After a particularly difficult time for the Oil and Gas industry with a 25% reduction in 2016, the industry is anticipated to make further modest cuts in 2017 primarily due to continued depressed prices. However, with a new Republican president and a Republican Congress few anticipate any legislative impediments to the growth of this industry in the United States.

It will come as no surprise that 2016 marked the busiest year in construction activity in Colorado’s recent history. Of interest for 2017 and alluded to earlier in this blog, will be the switch from apartment construction to Single-family housing. Another likely construction focus will be schools, apparently responsible for 70% of requests on Novembers ballot. Employment in this sector is expected to increase by 5.7% in 2017.

A $23 billion industry in Colorado, Manufacturing represents about 7.3% of the state’s GDP. The industry is anticipated to grow in 2017 which will mark the seventh consecutive year of growth. Employment is estimated to increase by approximately 1.6% with 2,300 jobs being added. Growth is expected in all sub-sectors with the exception of fabricated metals and computer and electronics.

Employing nearly one-fifth of Colorado workers, this sector is is the largest provider of jobs in the State. This industry includes wholesale trade, retail trade, utilities, warehousing, and multiple facets of transportation (air, truck, transit, rail, pipeline, etc). In 2017, the sector is expected to grow another 1.6% exceeding 461,800 jobs.

The information sector has realized some of the fastest, long-term growth of any sector in the Colorado economy. Even with losses in publishing and telecom the industry is expected to grow by 1,100 jobs in 2017. Growth in film, broadcasting and data processing have offset publishing with Colorado’s Film Television and Media incentives in particular having brought dividends.

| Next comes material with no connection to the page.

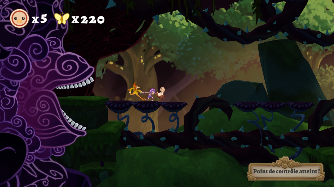 Le fait d’alterner d’un héros à l’autre offre beaucoup de possibilités au niveau du gameplay. D’autant qu’il arrive de passer à un endroit, puis d’y revenir usant des capacités d’un autre personnage. Le chemin emprunté, ou la manière d’accéder, est de ce fait légèrement différent. On apprécie les divers endroits visités, toujours bien colorés. Le rendu visuel est d’ailleurs assez plaisant je trouve, proposant un côté graphique aux allures de cartoon. Notre exploration est accompagné d’une bande son de bonne facture. Elle est agréable, c’est tout juste ce qu’il faut pour bien agrémenter notre exploration. Et toute exploration ne se fait pas sans rencontrer certains monstres, qu'on retrouve assez souvent d’un endroit à l’autre. Il en existe de plusieurs sortes certes, mais j’aurais apprécié davantage de diversité de ce côté-là. Par contre, on apprécie les combats contre certains boss, plutôt bien mis en avant, je trouve. Cependant, si on meut face à l’un d’eux il faut se taper à nouveau l’ensemble des dialogues.

Made up of Finance, Insurance, Real Estate, Rental and Leasing, this sector has been experiencing continued growth in Colorado since 2012. And although encountering a moderate slowdown in 2016, the sector is expected to increase by 5,300 jobs in 2017 to a total of 169,400 buoyed by an improvement of the overall economy.

Nearly 16% or 406,000 of Colorado’s total employment fall into this category with a further 7,000 jobs projected to be added in 2017, the vast majority of which will be in Professional, Scientific, and Technical Services.

A key industry in Colorado, the Leisure and Hospitality industry accounts for more than one in eight jobs in the State and has seen consecutive employment growth over the last seven years. Employment growth in this sector is anticipated to continue in 2017, increasing by 12,000 jobs or 3.7%.